Would you please write out only the lines running from the top of the listing through the one holding "CHASKA, MINNESOTA - AUGUST", exactly, with both ends kept and pictures left out?

**********

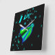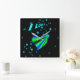 Blue Green Rainbow Heart with Stars Square Wall Clock
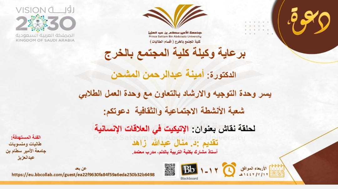 Under the patronage of Her Excellency the Vice Dean of the Community College in Al-Kharj, Dr. / Amina bint Abdulrahman Al-Mashhan; The Guidance and Counseling Unit, in cooperation with the Student Work Unit, established the Social and Cultural Activities Division in the college. A panel discussion entitled: “Etiquette in Human Relations”, on Wednesday 12-7-1442 AH - via the Zoom program - presented by Dr. Manal Zahid. Associate Professor at the College of Education in Dalam and a certified trainer at Prince Sattam bin Abdulaziz University.
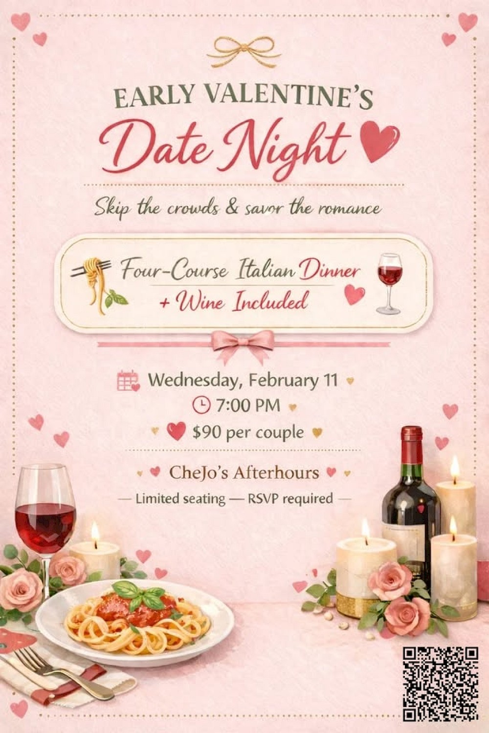 EARLY VALENTINE’S DATE NIGHT at Che Jo’s Afterhours ![]()
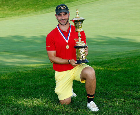 CHASKA, MINNESOTA - AUGUST 18: Jose Luis Ballester of Spain poses with the trophy after the 36-Hole Championship Match of the U.S. Amateur Championship at Hazeltine National Golf Club on August 18, 2024 in Chaska, Minnesota. (Photo by David Berding/Getty Images)
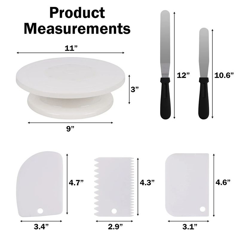 Practical Cake Turntable: This cake turntable comes with two right-angled frosting scrapers and three spatulas. Made of food-grade PP, it's safe and reliable. With an 11-inch diameter, it allows you to easily create beautiful borders or professional cake designs without worrying about foreign objects getting mixed into your food.
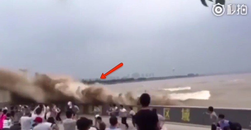 Una gigantesca onda che si è abbattuta con elevata forza sulle persone in strada. Si tratta di un fenomeno non rarissimo nella zona della foce del fiume Qiantang, in Cina. In particolari occasioni, quando cioè si forma una grande massa d'acqua marina che si dirige verso l'estuario del fiume (spinta dalla marea) e lo risale. Il fenomeno è detto mascheretto e può formare onde superiori ai 4 metri.
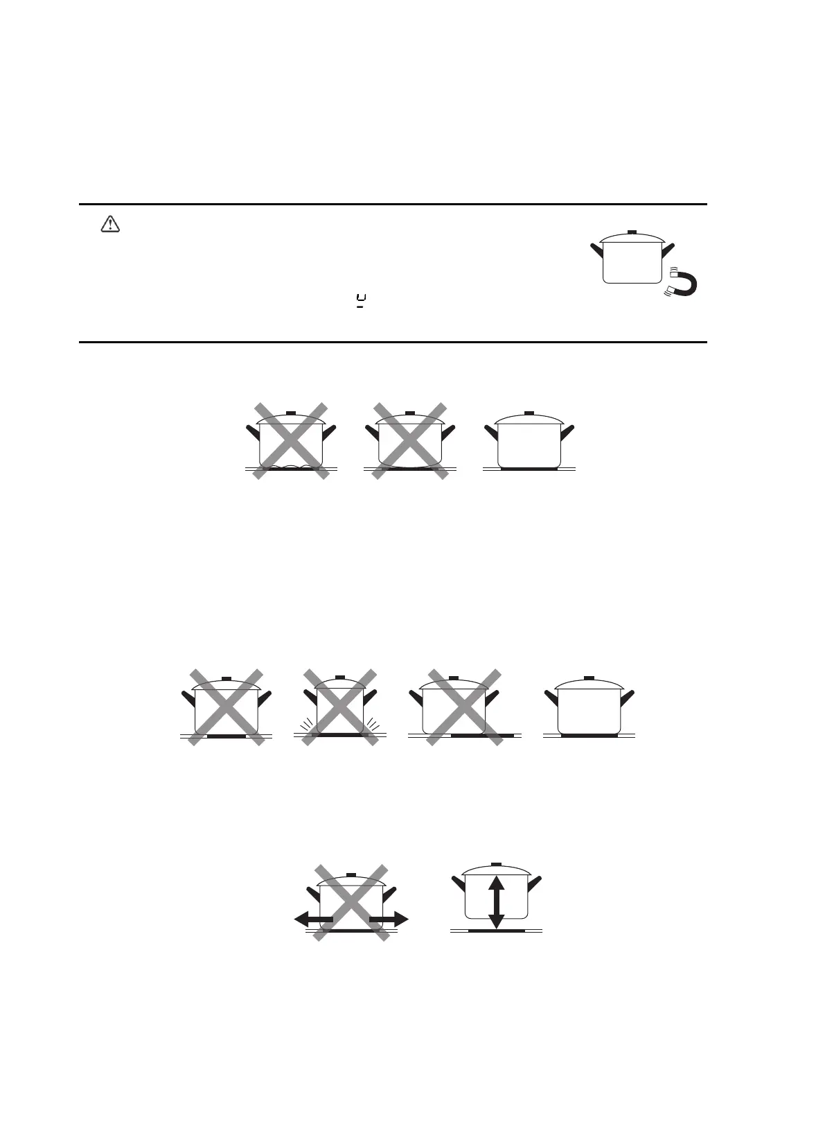 • Nádobí z těchto materiálů není vhodné: čistá nerezová ocel, hliníkové nebo měděné bez magnetického dna, sklo,
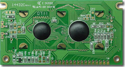 White on black 144x32 Graphic LCD with negative voltage generator and temperature compensation
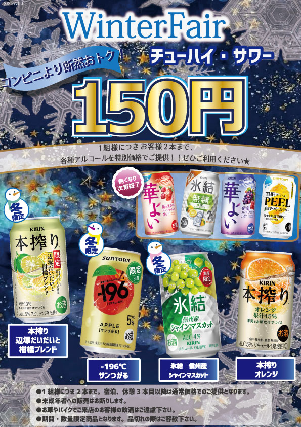 ★冬季限定チューハイ・サワー150円フェア第2弾スタート★

**********

**Answer box:**
 Blue Green Rainbow Heart with Stars Square Wall Clock
 Under the patronage of Her Excellency the Vice Dean of the Community College in Al-Kharj, Dr. / Amina bint Abdulrahman Al-Mashhan; The Guidance and Counseling Unit, in cooperation with the Student Work Unit, established the Social and Cultural Activities Division in the college. A panel discussion entitled: “Etiquette in Human Relations”, on Wednesday 12-7-1442 AH - via the Zoom program - presented by Dr. Manal Zahid. Associate Professor at the College of Education in Dalam and a certified trainer at Prince Sattam bin Abdulaziz University.
 EARLY VALENTINE’S DATE NIGHT at Che Jo’s Afterhours ![]()
 CHASKA, MINNESOTA - AUGUST 18: Jose Luis Ballester of Spain poses with the trophy after the 36-Hole Championship Match of the U.S. Amateur Championship at Hazeltine National Golf Club on August 18, 2024 in Chaska, Minnesota. (Photo by David Berding/Getty Images)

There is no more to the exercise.